- Opening Delimiter -

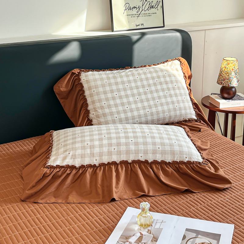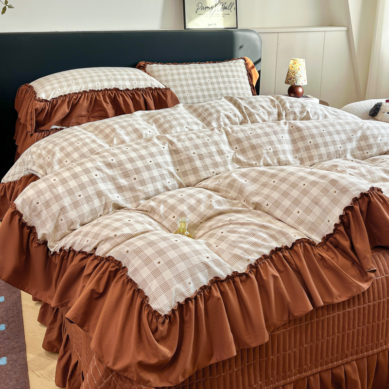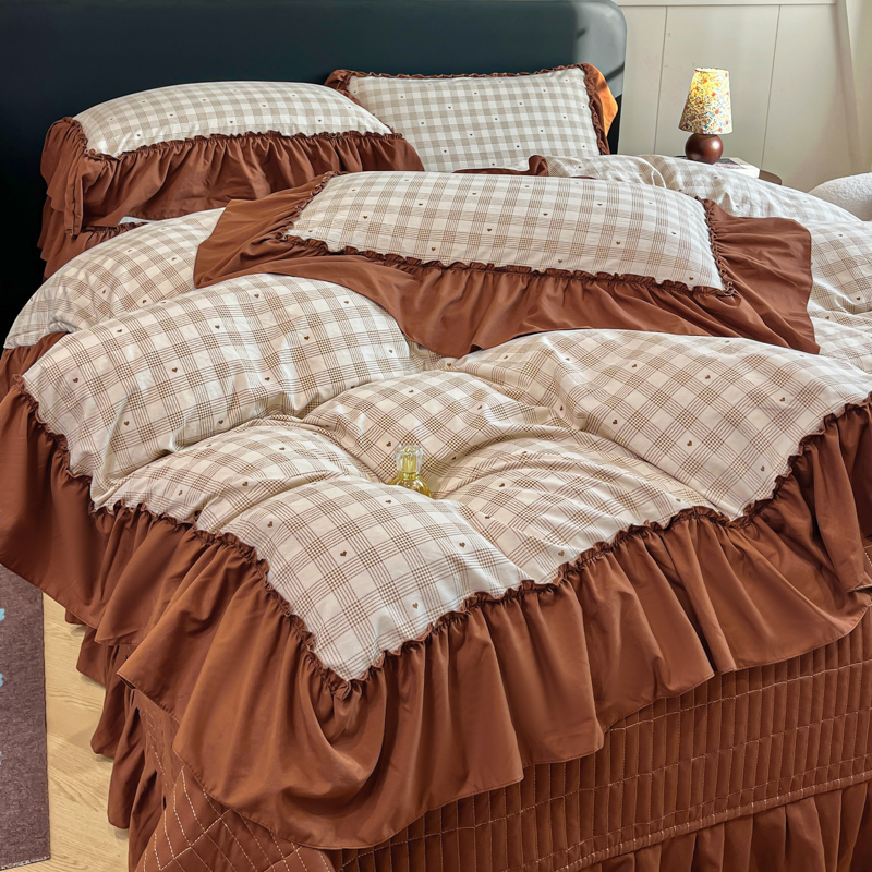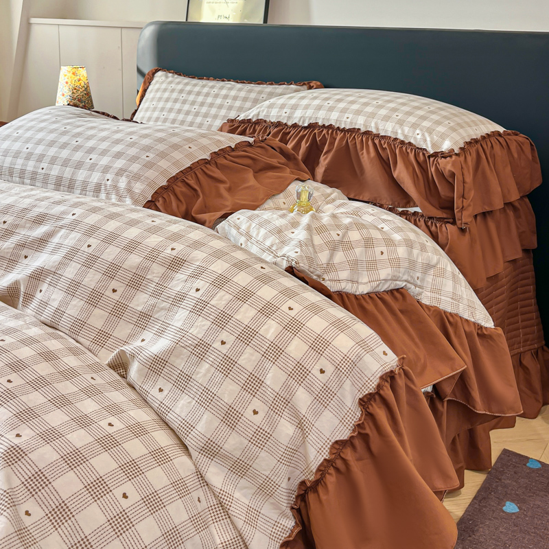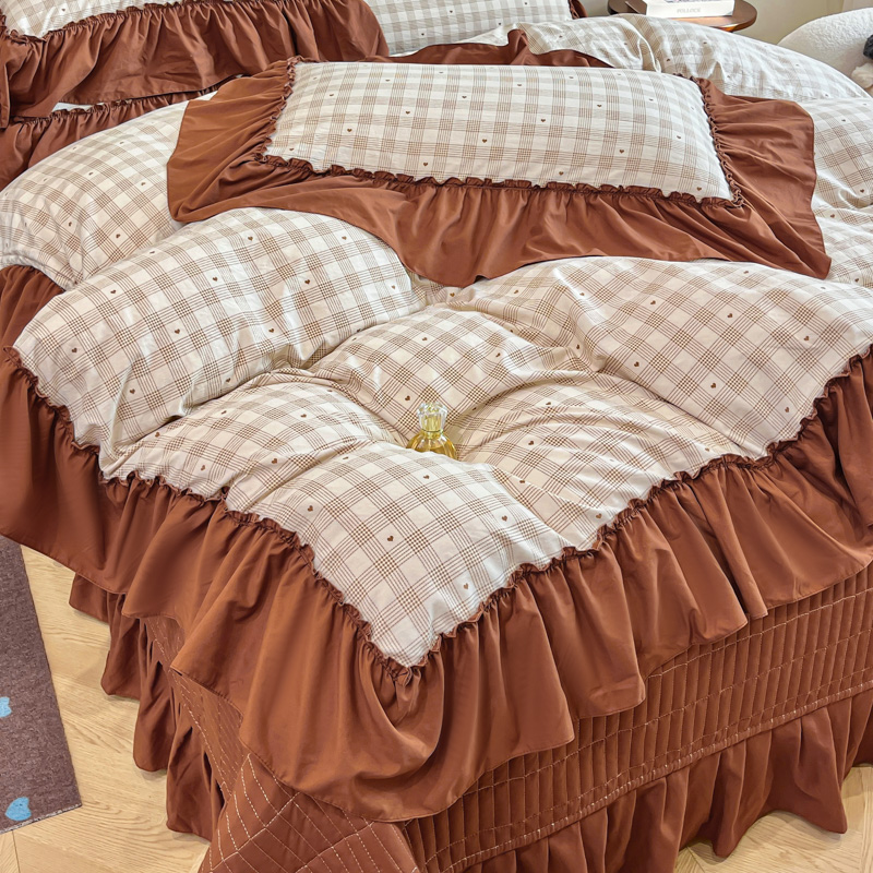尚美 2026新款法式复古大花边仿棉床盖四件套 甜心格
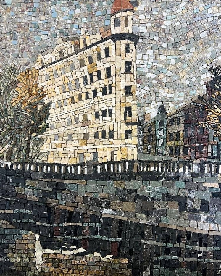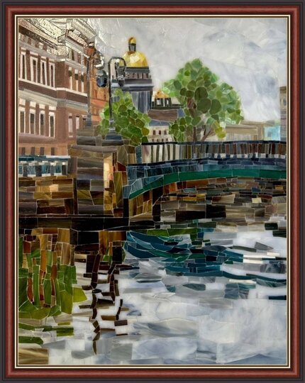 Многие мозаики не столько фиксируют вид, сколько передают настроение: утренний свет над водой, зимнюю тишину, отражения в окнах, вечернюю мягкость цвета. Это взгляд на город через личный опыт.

- Closing Delimiter -
- Opening Delimiter -

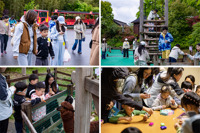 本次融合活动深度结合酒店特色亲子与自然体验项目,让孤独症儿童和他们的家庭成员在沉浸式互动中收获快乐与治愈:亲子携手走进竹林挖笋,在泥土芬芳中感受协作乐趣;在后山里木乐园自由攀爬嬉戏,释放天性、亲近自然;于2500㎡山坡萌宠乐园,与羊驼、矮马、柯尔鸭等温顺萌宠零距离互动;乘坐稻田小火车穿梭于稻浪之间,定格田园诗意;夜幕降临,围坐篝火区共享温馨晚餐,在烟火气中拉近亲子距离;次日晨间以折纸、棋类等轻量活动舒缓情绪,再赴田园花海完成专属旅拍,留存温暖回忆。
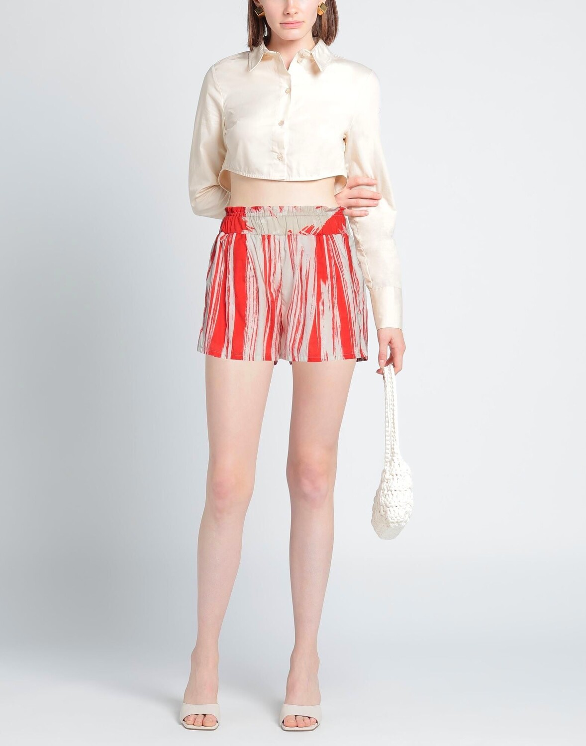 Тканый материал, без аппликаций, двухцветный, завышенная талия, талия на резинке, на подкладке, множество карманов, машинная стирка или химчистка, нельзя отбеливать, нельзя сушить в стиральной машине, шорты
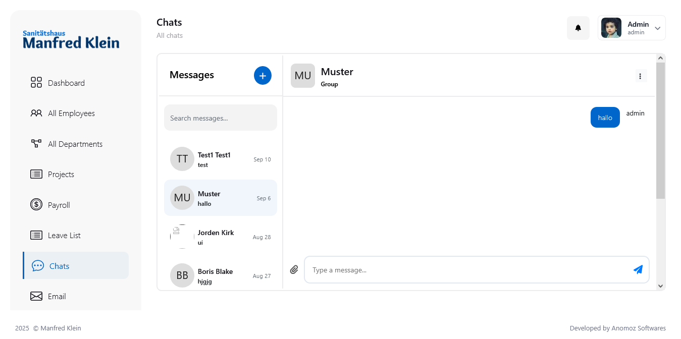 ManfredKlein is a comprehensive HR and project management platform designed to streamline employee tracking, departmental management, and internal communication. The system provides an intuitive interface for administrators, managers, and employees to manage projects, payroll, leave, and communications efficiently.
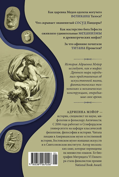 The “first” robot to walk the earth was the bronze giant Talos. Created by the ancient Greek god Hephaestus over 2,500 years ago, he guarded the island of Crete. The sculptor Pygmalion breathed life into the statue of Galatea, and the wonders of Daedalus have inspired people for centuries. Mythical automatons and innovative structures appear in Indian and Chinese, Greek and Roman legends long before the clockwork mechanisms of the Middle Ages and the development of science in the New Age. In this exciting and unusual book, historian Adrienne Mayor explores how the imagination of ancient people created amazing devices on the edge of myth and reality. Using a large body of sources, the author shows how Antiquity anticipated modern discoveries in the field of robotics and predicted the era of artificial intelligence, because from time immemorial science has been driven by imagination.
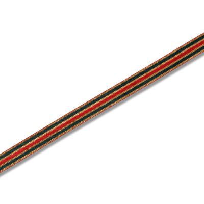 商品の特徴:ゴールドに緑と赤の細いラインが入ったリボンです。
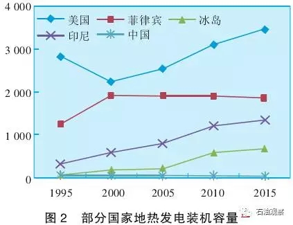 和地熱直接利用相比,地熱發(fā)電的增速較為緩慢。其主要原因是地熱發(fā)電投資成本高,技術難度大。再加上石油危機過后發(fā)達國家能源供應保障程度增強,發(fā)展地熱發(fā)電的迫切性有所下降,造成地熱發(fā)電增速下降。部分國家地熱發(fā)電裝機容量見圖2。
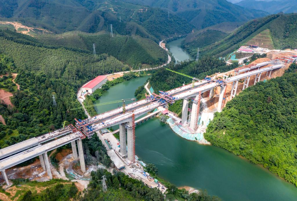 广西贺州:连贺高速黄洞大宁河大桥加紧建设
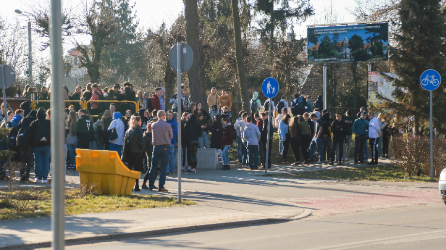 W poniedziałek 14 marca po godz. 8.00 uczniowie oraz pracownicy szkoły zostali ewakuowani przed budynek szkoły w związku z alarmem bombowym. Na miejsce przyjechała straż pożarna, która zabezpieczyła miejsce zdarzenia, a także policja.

- Closing Delimiter -
- Opening Delimiter -

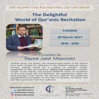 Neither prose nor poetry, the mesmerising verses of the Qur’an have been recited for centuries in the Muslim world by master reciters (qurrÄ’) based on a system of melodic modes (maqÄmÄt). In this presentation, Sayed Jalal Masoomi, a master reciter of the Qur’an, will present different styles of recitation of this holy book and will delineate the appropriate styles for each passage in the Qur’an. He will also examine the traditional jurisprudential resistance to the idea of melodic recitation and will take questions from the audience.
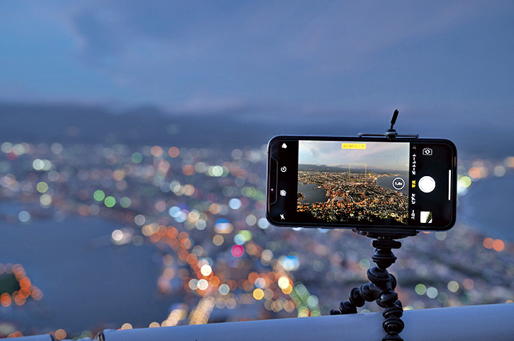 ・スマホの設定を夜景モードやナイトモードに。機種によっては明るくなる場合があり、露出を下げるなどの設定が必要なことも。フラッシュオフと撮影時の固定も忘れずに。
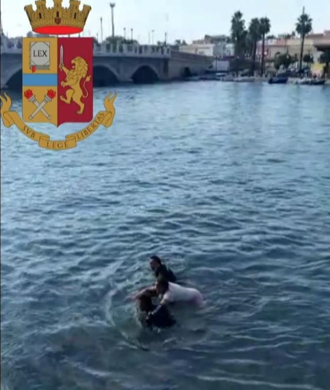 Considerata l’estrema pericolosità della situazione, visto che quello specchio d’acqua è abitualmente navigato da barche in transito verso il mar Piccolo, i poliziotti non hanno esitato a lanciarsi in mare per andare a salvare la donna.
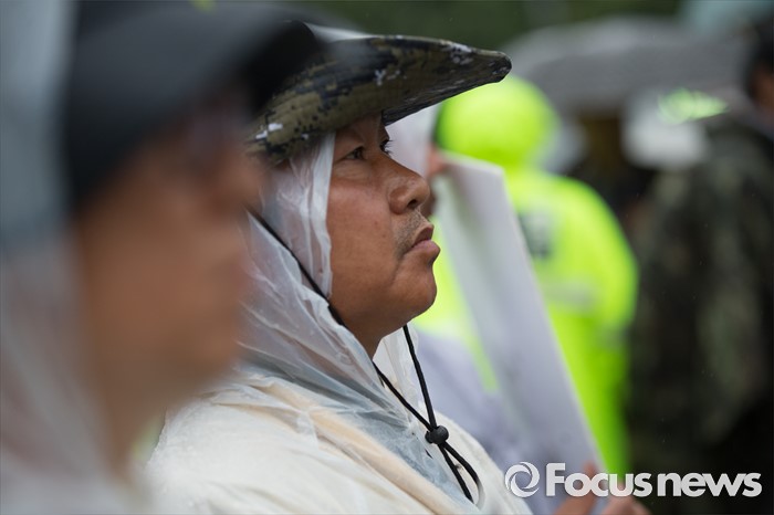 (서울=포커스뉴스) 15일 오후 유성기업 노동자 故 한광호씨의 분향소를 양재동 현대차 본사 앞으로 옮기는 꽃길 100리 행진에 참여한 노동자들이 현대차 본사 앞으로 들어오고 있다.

- Closing Delimiter -

### YOUR ASSIGNMENT
Look through the listing above for the line with "driven by imagination." and the line with "W poniedziałek 14". Write out exactly those lines and everything between, leaving out pictures.

### YOUR SOLUTION
 The “first” robot to walk the earth was the bronze giant Talos. Created by the ancient Greek god Hephaestus over 2,500 years ago, he guarded the island of Crete. The sculptor Pygmalion breathed life into the statue of Galatea, and the wonders of Daedalus have inspired people for centuries. Mythical automatons and innovative structures appear in Indian and Chinese, Greek and Roman legends long before the clockwork mechanisms of the Middle Ages and the development of science in the New Age. In this exciting and unusual book, historian Adrienne Mayor explores how the imagination of ancient people created amazing devices on the edge of myth and reality. Using a large body of sources, the author shows how Antiquity anticipated modern discoveries in the field of robotics and predicted the era of artificial intelligence, because from time immemorial science has been driven by imagination.
 商品の特徴:ゴールドに緑と赤の細いラインが入ったリボンです。
 和地熱直接利用相比,地熱發(fā)電的增速較為緩慢。其主要原因是地熱發(fā)電投資成本高,技術難度大。再加上石油危機過后發(fā)達國家能源供應保障程度增強,發(fā)展地熱發(fā)電的迫切性有所下降,造成地熱發(fā)電增速下降。部分國家地熱發(fā)電裝機容量見圖2。
 广西贺州:连贺高速黄洞大宁河大桥加紧建设
 W poniedziałek 14 marca po godz. 8.00 uczniowie oraz pracownicy szkoły zostali ewakuowani przed budynek szkoły w związku z alarmem bombowym. Na miejsce przyjechała straż pożarna, która zabezpieczyła miejsce zdarzenia, a także policja.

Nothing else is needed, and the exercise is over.